I have tried using trim.seqs before and after make.contigs. When I use trim.seqs with my oligos file after make.contigs, I end up losing all of my sequences after the the filter.seqs step. When I use make.contigs followed by trim.seqs with my oligos file, Iater get a mismatch error after the unique.seqs step. I have also tried going from the make.contigs step through to the count.seqs step and then trimming the oligos but this causes MOTHUR to crash wen asked for a summary.

I’m not sure what is going on here, but any help would be greatly appreciated!

Thanks,

Jessie

1 Like

Are your sequences in separate files, two for each sample? Have you tried running this for each sample:

mothur > make.contigs(ffastq=yourForwardFileSample1, rfastq=yourReverseFIleSample1, oligos=yourOligosfile, pdiffs=2)
mothur > make.contigs(ffastq=yourForwardFileSample2, rfastq=yourReverseFIleSample2, oligos=yourOligosfile, pdiffs=2)

Then you can make a group file and merged fasta file:

mothur > make.group(fasta=yourFastaFileSample1-yourFastaFileSample2…, groups=sample1-sample2…)
mothur > merge.files(input=yourFastaFileSample1-yourFastaFileSample2…, output=merged.fasta)

You can then continue with the MISeq SOP, http://www.mothur.org/wiki/MiSeq_SOP.
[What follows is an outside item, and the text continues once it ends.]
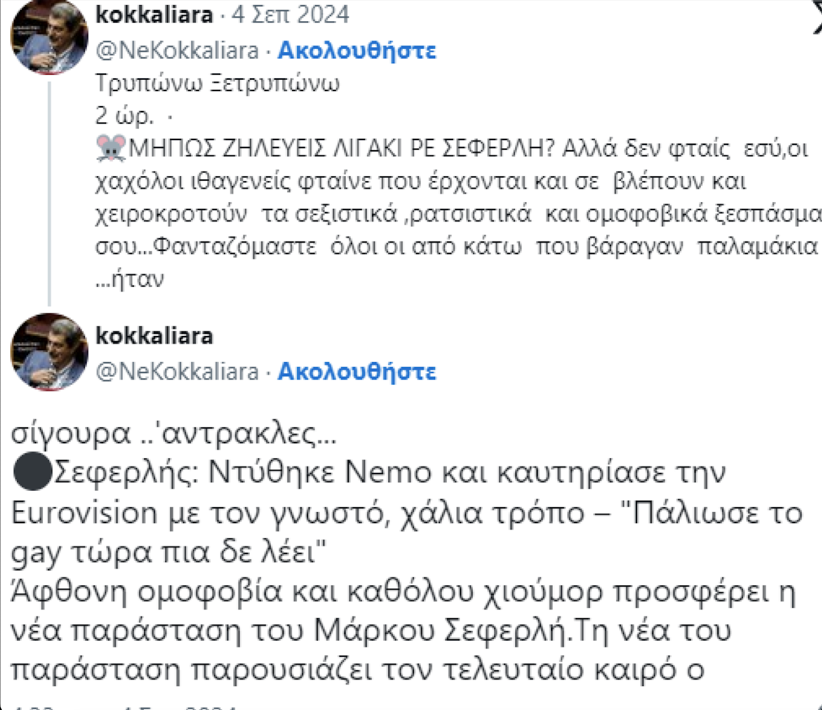 Ένα από τα μηνύματα εναντίον του, έγραφε: «Όταν ο Σεφερλης γεμίζει θέατρο κοροϊδεύοντας μην σου κάνουν εντύπωση περιστατικά βίας. Μη σου κάνει εντύπωση η ομοφοβία. Μη σου κάνει εντύπωση το αστείο για την ” πο..ρα “. Για τα “σύκα”. Για την “αδέρφω ” εκεί έξω. Είμαστε άξιοι της τρισάθλιας μοίρας μας».

mothur > summary.seqs(fasta=merged.fasta)
mothur > screen.seqs(fasta=current, group=yourGroupFile, maxambig=0, maxlength=275)

1 Like

Thank you for the fast reply. I did try that, but I still get an error about paired barcodes and primers. It looks like this:

mothur > make.contigs(ffastq=Acetate-T1-Anaerobic_S11_L001_R1_001.fastq,rfastq=Acetate-T1-Anaerobic_S11_L001_R2_001.fastq,oligos=miseq_oligos_sopformat.txt,pdiffs=2,processors=8)

Using 8 processors.
Reading fastq data…

119174
Done.

Processing Acetate-T1-Anaerobic_S11_L001_R1_001.0ffastatemp (file 1 of 1) <<<<<
[ERROR]: make.contigs requires paired barcodes and primers. You can set one end to NONE if you are using an index file.
Making contigs…
[WARNING]: your sequence names contained ‘:’. I changed them to ‘_’ to avoid problems in your downstream analysis.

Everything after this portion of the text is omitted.